По дороге домой Бруно застрял в толпе и вынужден был простоять некоторое время перед одной из больших зал шести городских обществ. Там происходила какая-то церемония, и на улице ясно слышно было пение. Пел хор из двадцати мужчин под управлением регента и под аккомпанемент различных инструментов — корнетов, волынок, теорб[185], альтов. Кто-то в толпе сказал, что общество обещало заплатить певцам и музыкантам целых сто дукатов, но они это заслужили, потому что поют и играют вот уже много часов.
— Что ж, у города деньги для уплаты найдутся, — проворчал другой. — Как раз на днях меня здорово обобрали. У меня на руках было очень много неполновесных золотых монет, как вдруг на Риальто вывешивается проклятое объявление, что они изъяты из употребления. Таким образом я много потерял, а банкиры на этом деле заработали.

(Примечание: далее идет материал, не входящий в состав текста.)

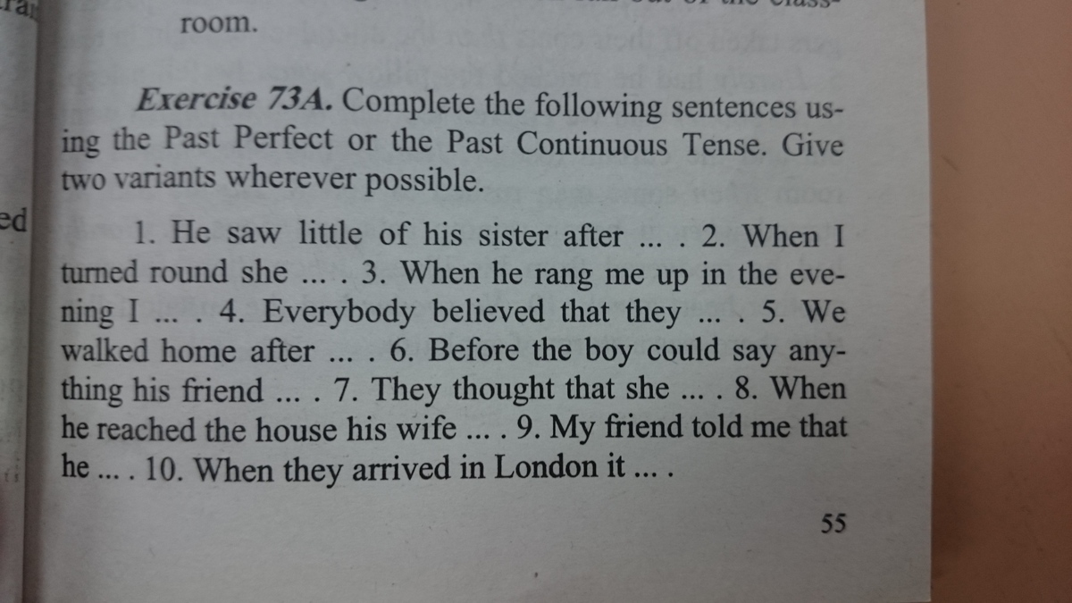 1 after he had left for college. 2 was dancing with her friends. 3 was doing my homework. 4 had done everything right. 5 the classes had been over.. 6 was already packing his things ready to go home. 7 had been a famous actress. 8 was cooking dinner. 9 had been abroad. 10 it was darkening.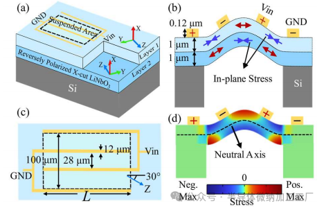 通过将信号(VVV)施加到互指电极上,横向电场在每个LiNbO₃层内诱导交变的横向平面应力,从而激发结构的弯曲变形。反向的Z轴方向使得在相同电场作用下,两个LiNbO₃层产生具有相反符号的平面应力[图2(b)]。这种配置充分利用了与结构弯曲相关的平面应力[图2(d)],从而提高了换能效率。两层LiNbO₃的厚度设计为相同,确保了板的中性轴位于接口处。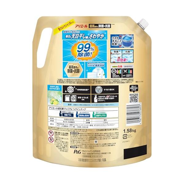 アリエール 洗濯洗剤 液体 超抗菌プレミアム 最高傑作の除菌+抗菌 詰め替え 1580g [大容量]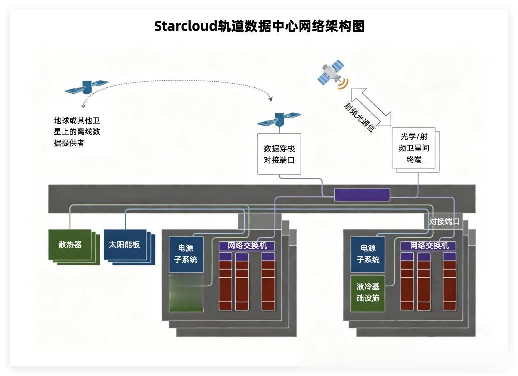 海外StarCloud公司已经率先发射搭载英伟达H100芯片与谷歌Gemini大模型的试验星,目标是在轨道上建造一座5GW级轨道数据中心,并配备超大面积太阳能电池板与冷却系统。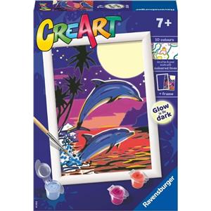 Ravensburger CreArt Serie E: Kit per Dipingere con i Numeri - Delfini al Chiaro di Luna, Include Tavola Prestampata, Pennello e Colori, Ideale per Bambini 7 Anni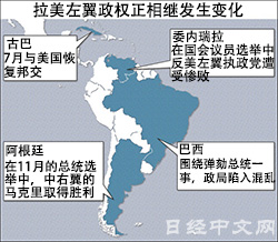 拉丁美洲的左翼政權開始籠罩陰影。阿根廷政權將於12月10日從中左翼交至中右翼手中。而在6日實施委內瑞拉國會議員選舉中執政黨大敗。從已故前總統查維茲以來執政的反美左翼政權陷入困境。此前,該政權利用資源出口獲得的外匯,一直在推行普遍惠及低收入階層的政策,但隨著資源價格的下跌,其國內經濟陷入低迷,支援階層也出現分化。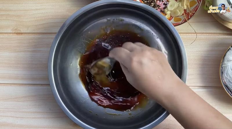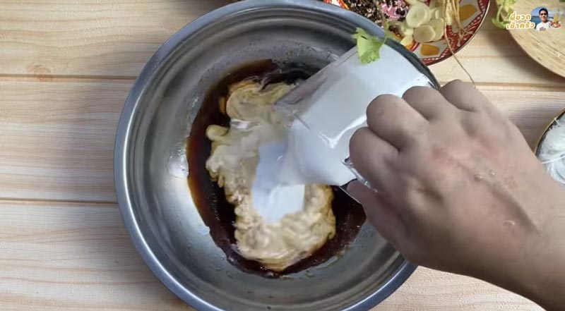 1. ทำน้ำซอส โดยผสมซอสหอยนางรม ซอสปรุงรส ซีอิ๊วขาว น้ำตาลทราย ซีอิ๊วดำ น้ำมันง า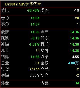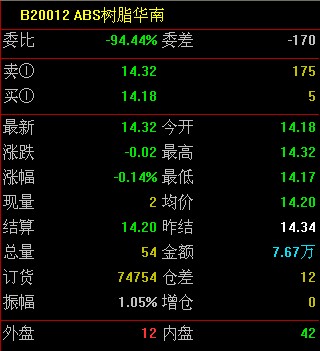 市场分析渤海商品交易所ABS树脂(华南)昨日结算价14340元/吨;今日开盘14180 元/吨;截止今日9:30最新价格14320元/吨,跌了20元/吨;交易型号为宁波LG HI-121H。

Хотел бы я знать, что сказали бы люди, если бы так поступил какой-нибудь лавочник, а не государство!
Музыка плыла из окон, полная дивной мощи, строгая и изысканная во всей нарастающей сложности своих фиоритур. Голос певца сливался с мелодией струн, подчиняя се себе, как человек, вооружённый знанием, подчиняет себе стихии.
— Это поёт евнух? — спросил один из слушателей.

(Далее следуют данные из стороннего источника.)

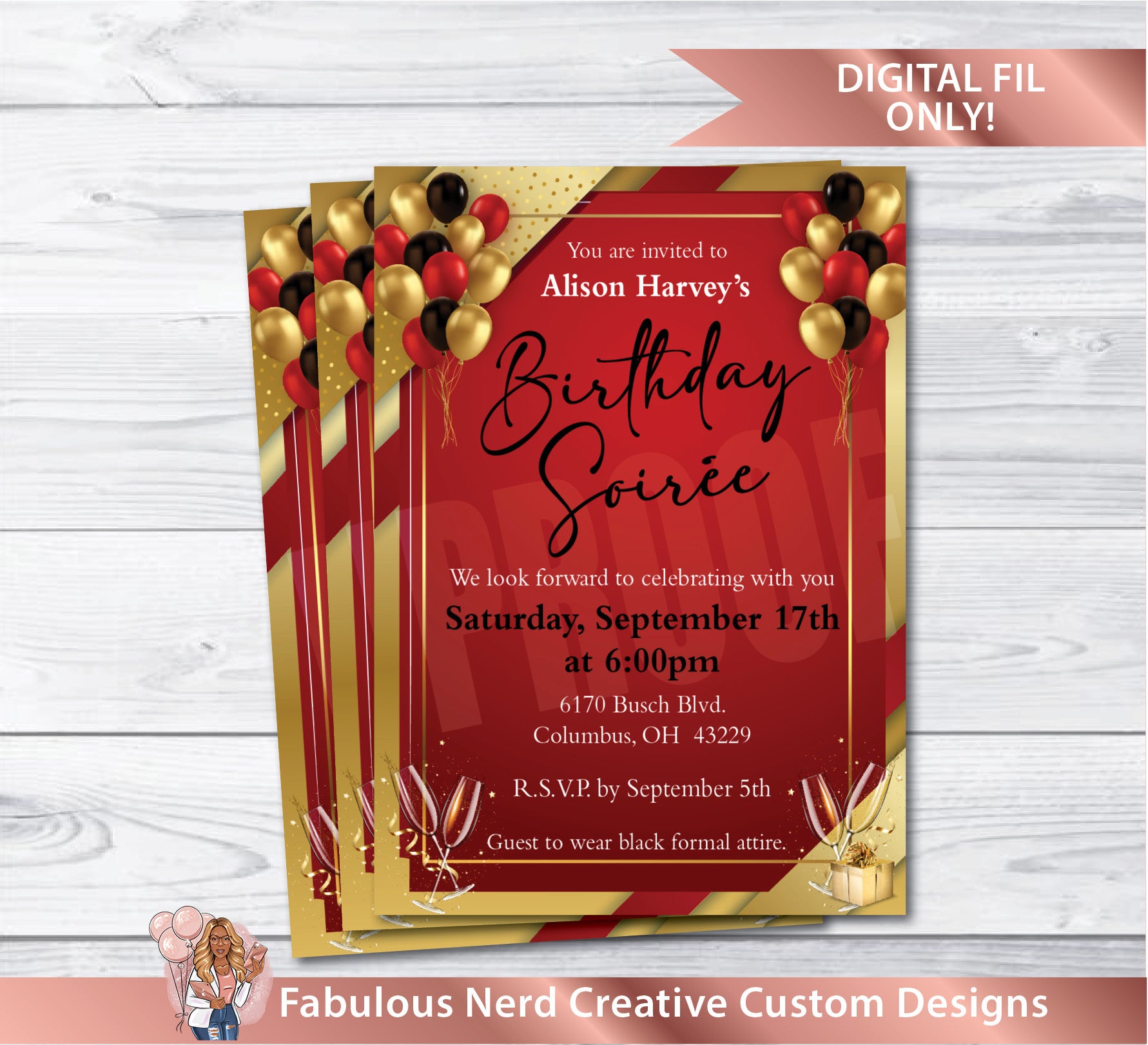 Adult Birthday Party Invitation (Red & Gold) - Digital File Only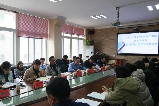 在行政楼五楼会议室召开2022—2023学年第二学期教学工作会暨口腔医学专业认证工作推进会,安排部署新学期教学工作及专业认证工作,院党政领导班子成员出席会议,副院长王永主持会议。

— Не знаю, но кто бы он ни был, поёт он чертовски хорошо. Если он не евнух, он тем более достоин восхищения, потому что евнухам легче петь, чем нормальным мужчинам.

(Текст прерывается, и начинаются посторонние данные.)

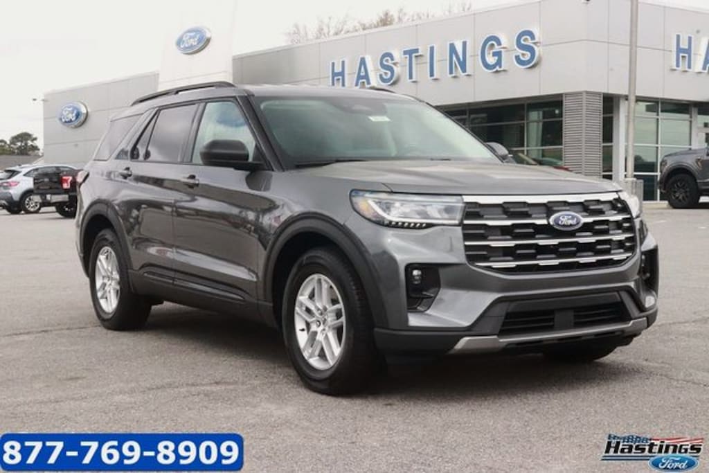 Carbonized Gray Metallic 2026 Ford Explorer Active RWD 10-Speed Automatic 2.3L EcoBoost I-4 3rd row seats: bench, 4-Wheel Disc Brakes, 6 Speakers, ABS brakes, Air Conditioning, Alloy wheels, AM/FM radio: SiriusXM with 360L, AM/FM Stereo, Apple CarPlay/Android Auto, Auto High-beam Headlights, Automatic temperature control, Brake assist, Bumpers: body-color, Compass, Delay-off headlights, Driver door bin, Driver vanity mirror, Dual front impact airbags, Dual front side impact airbags, Electronic Stability Control, Emergency communication system: 911 Assist, Exterior Parking Camera Rear, Four wheel independent suspension, Front anti-roll bar, Front Bucket Seats, Front Center Armrest, Front dual zone A/C, Front reading lights, Fully automatic headlights, Heated door mirrors, Illuminated entry, Knee airbag, Low tire pressure warning, Navigation System, Occupant sensing airbag, Outside temperature display, Overhead airbag, Overhead console, Panic alarm, Passenger door bin, Passenger vanity mirror, Power door mirrors, Power driver seat, Power steering, Power windows, Rear air conditioning, Rear anti-roll bar, Rear reading lights, Rear window defroster, Rear window wiper, Remote keyless entry, Security system, Speed control, Speed-sensing steering, Speed-Sensitive Wipers, Split folding rear seat, Spoiler, Steering wheel mounted audio controls, Tachometer, Telescoping steering wheel, Tilt steering wheel, Traction control, Trip computer, Variably intermittent wipers, Wheels: 18" Sparkle Silver-Painted Aluminum.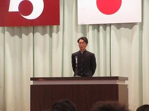 その後、赴任された先生を代表して鬼塚校長先生が「皆様の学びそして成長のお手伝いが出来る様頑張って行きますので皆さんもぜひ我々に積極的に話しかけてください。」と述べられていました。

Бруно выбрался из давки и, несмотря на то что ему хотелось слушать музыку, пошёл домой. За первым же углом он встретил погребальную процессию. С содроганием увидел, что у мертвеца лицо открыто, руки и ноги обнажены и одет он в монашескую рясу. Но потом он вспомнил, что в Венеции принято хоронить умерших в монашеском одеянии, так как люди верят, что таким образом можно обмануть дьявола и переодетой душе легче попасть в рай. Не успела похоронная процессия пройти мимо, как зазвучал колокол к полуденной молитве, на улице все опустились на колени и, обнажив головы, зашептали «Ave Maria». Бруно не оставалось ничего другого, как тоже преклонить колени, но вместо того чтобы молиться, он в виде протеста мысленно обратился с речью к молящимся: «Да знаете ли вы, друзья мои, что, как утверждает Геснер[186] в своей «Библиотеке», один достопочтенный муж, Иосия Симмлер Тигурин, о котором вы, конечно, и не слыхивали, в учёном диалоге доказывает, что не полагается обнажать голову во время полуденной и вечерней молитвы. Так как этот диалог не напечатан, я не могу ни изложить его подробно, ни критиковать. Но не приходится сомневаться, что аргументы в этом диалоге столь же разумны, как и тезис...»
В конце концов Бруно удалось добраться домой. В голове у него мешались все впечатления этого дня: безмятежное спокойствие отца Джулио, звуки музыки, пение евнуха, люди, падающие на колени при звоне колокола, мертвец, который рассчитывал, надев рясу францисканца, угодить в рай, несмотря на то что он погряз в грехах. «А я, — думал Бруно, — я, подобно какому-нибудь Тигурину, обсуждаю вопрос о том, позорят ли бесконечную Вселенную разные ничтожные представители животного мира, почтительно снимающие перед ней шляпу».
185
Теорба (ит.) — род лютни (XVII в.).
186
Геснер Конрад (1516 — 1565) — швейцарский профессор греческого языка и философии. Его сочинения имели большое значение для истории литературы.